NIALL Canavan has been helping City’s injured duo Lee Angol and Abo Eisa laugh their way back to fitness.

The hamstring victims are still being nursed back having been sidelined since the opening weeks of the season.

Angol is on course to resume training by the end of the month but there is no timescale with Eisa after the winger suffered a recent setback following his brief return to the squad.

The duo’s absence has been a cause of frustration amid City’s indifferent results.

But captain Canavan, who is just back from his own injury, has been trying to keep their spirits up while he was out the team as well.

He said: “It was hard, they’d been out for a couple of weeks before.

“You can tell when people have hit a bit of a lull where they are bored of the monotonous side of doing your rehab.

“You just try and have a bit of a laugh. We come up with different things to do and put some games in there to make it more fun.

“You do whatever you can that changes the flow of what the days have been.

“You’re basically winding each other up. But that’s how you get through it – you take the mickey and try to build little bonds with people.

“You’ll have to ask them if they appreciated it! There were probably times when they just want you to shut up and go away.

“But hopefully that happy atmosphere translates through the building and keeps people’s minds on the bigger picture.”

Eisa has not kicked a ball since the Carabao Cup first-round tie against Nottingham Forest.

He was named on the bench in City’s last away game at Newport a fortnight ago but then felt a twinge during a training warm-up a few days later.
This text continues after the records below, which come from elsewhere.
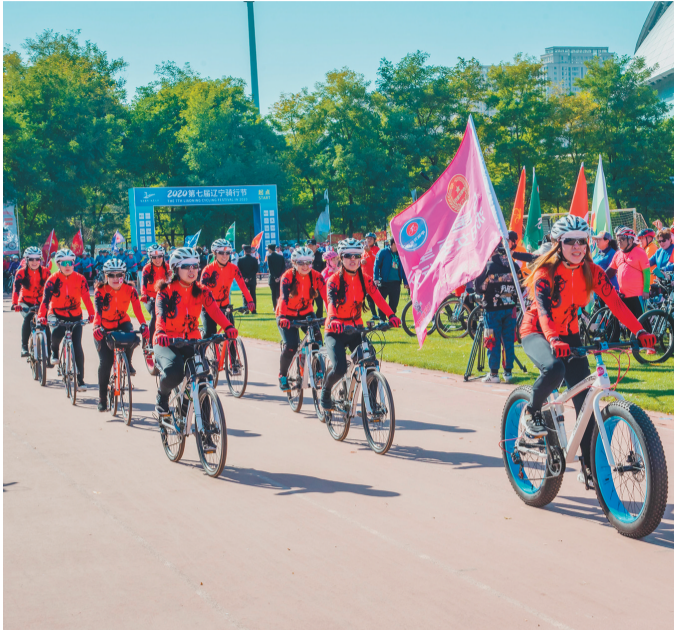
10月18日,第七届辽宁骑行节开幕,众骑手出发。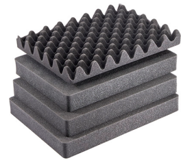
1507AirFS 5 St. Ersatz-Schaumstoffeinsätze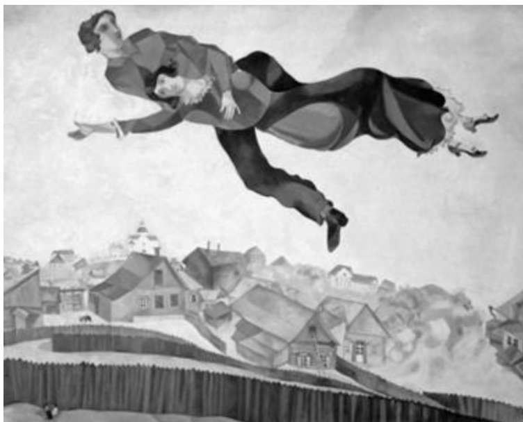
Рисунок 23 – Марк Шагал. «Над городом». 1918 г. Холст, масло. 141x197 см.

Платья коллекции становятся холстами, на которых разворачивается история мечты Марка Шагала. Дизайнеры модного дома интерпретируют близкую художнику концепцию детской чистоты восприятия мира - неперемного условия для вознесения (Рис. 23). Так, будто напоминая слова Нового Завета «...если не будете как дети, не войдете в Царство Небесное», дизайнеры создают платье с завораживающим мерцанием золотых звезд на глубоком синем небе (Рис. 24), платье с невесомыми мотивами облаков (Рис. 25), платье с иконографией воздушного змея (Рис. 26) и др.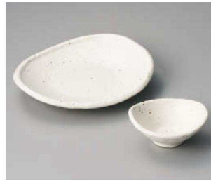
04630-190 白マットたまご型皿 1,500円 60入 (18.7×16.5×3.5cm) 04631-190 白マットしずく小付 500円 150入 (9.5×8.5×4cm)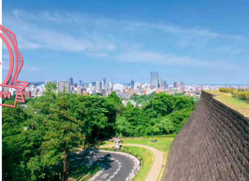
仙台城跡からの眺め(仙台市)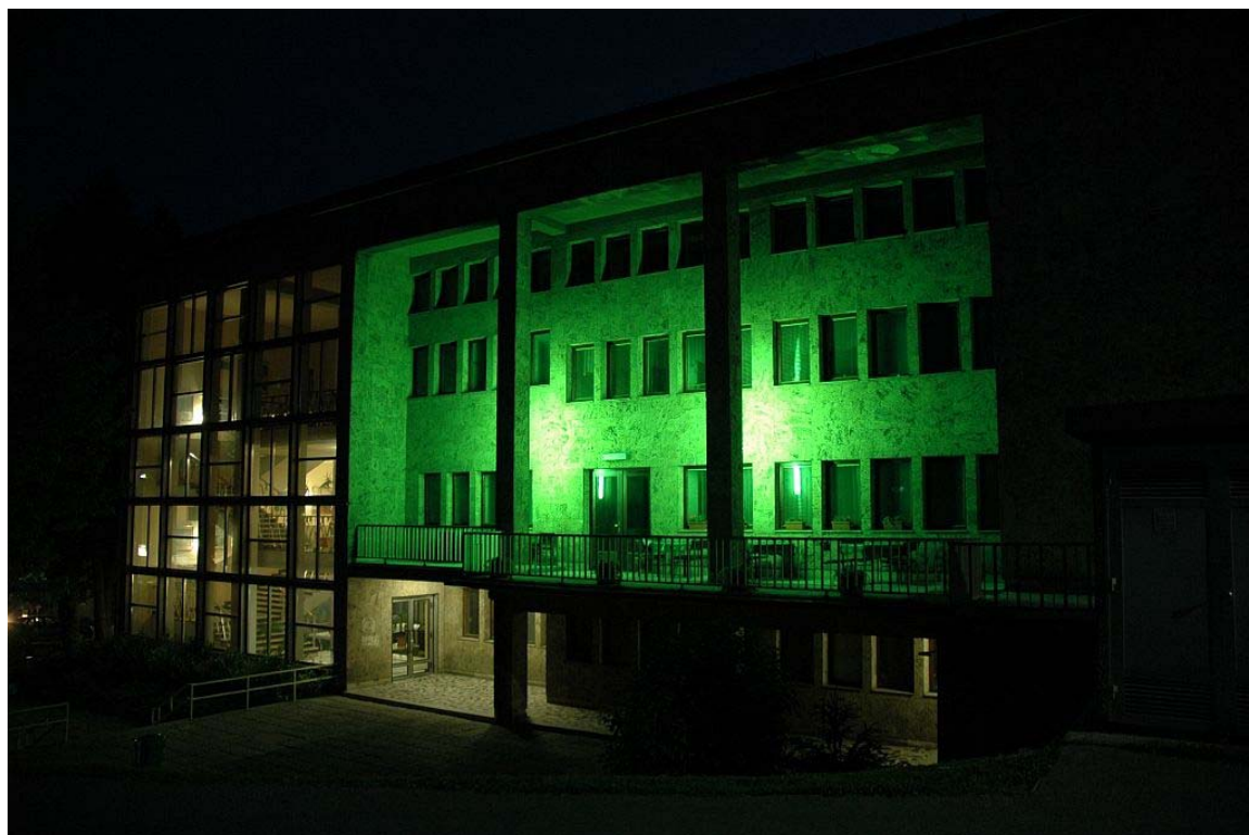
Na fotografiji: KC DD Zagorje by night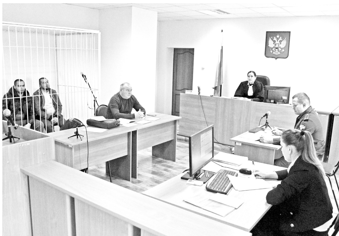
В зале суда.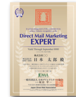
DMマーケティングエキスパート認定証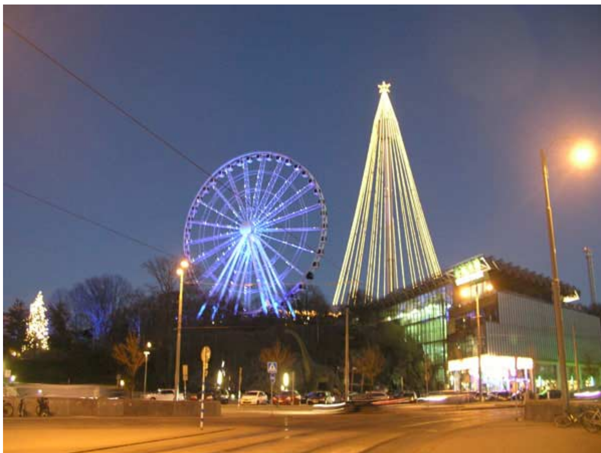
Julstämning på Korsvägen i Göteborg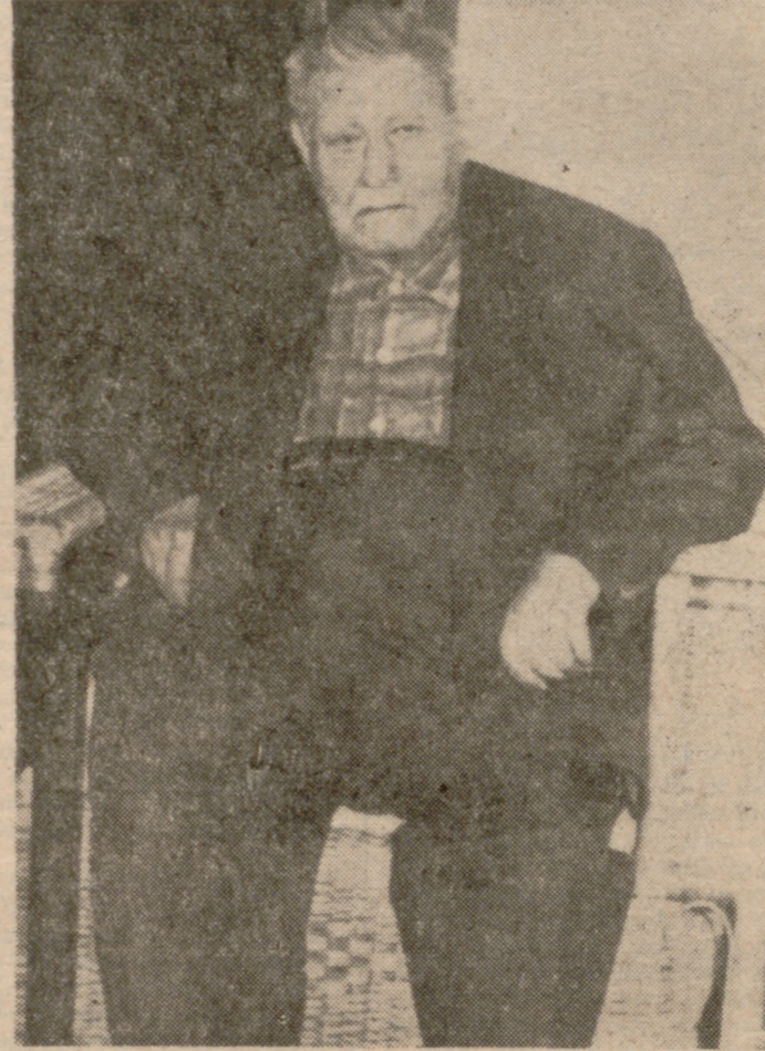
Una de las últimas fotos de Tiburcio Carías.

A la edad de noventa y tres años, y en su tranquila residencia de Tegucigalpa, falleció Tiburcio Carías Andino, abogado político y militar, que ejerció dictatorialmente el poder por espacio de dieciséis años (1933-1948), dejando con su muerte un vacío dentro del Partido Nacional, que actualmente comparte con el Ejército la administración pública de Honduras. Conservador políticamente, Carías Andino se convirtió en un caudillo, manejando al país con mano dura, casi en forma implacable. En los últimos años de su vida se le consultaba para consejos políticos y en forma paternalista trataba a los miembros de su partido. Fervientemente liberal, pero se pasó luego al Nacional, al que vicerizó y llevó al poder, haciéndose su líder y, más tarde, se hizo designar su Jefe Supremo, cargo que desempeñó hasta su muerte.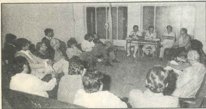
En el SUOEM un plenario gremial debatió el problema de los compañeros de Luque.

un corte definitivo a una situación que es incompatible con la existencia de un sistema democrático.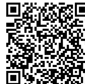
本府都市發展局網站QRcode

本計畫依循「海岸管理法」第25條及「一級海岸保護區以外特定區位利用管理辦法」第6條等規定辦理，以期達到發展綠能並兼顧維繫自然系統、防治海岸災害與環境破壞，促進海岸地區永續發展等之目的。

Angol’s impressive start with the club was brought to a sudden halt four games in with a similar problem to the one that forced him to miss most of the second half of last season with Leyton Orient.

Canavan added: “Lee and Eis are both away from home but they live near each other so it’s probably been a bit of a comfort for the two of them going through a similar process.

“Hopefully there’s light at the end of the tunnel. They’ve always been upbeat from when I was in there.

“If you’d asked them to train, they would have done so even though they weren’t ready.

“The pair of them are both eager to get back involved.

“Sometimes that can be as much of a hindrance because you push things a little bit more than you should at times. But you certainly wouldn’t want to take that out of either of them.

“They seem in good spirits. Eis maybe feels he’s gone back a few steps from being in and then dropping out, but hopefully that’s saved us from anything that was potentially going to be worse.”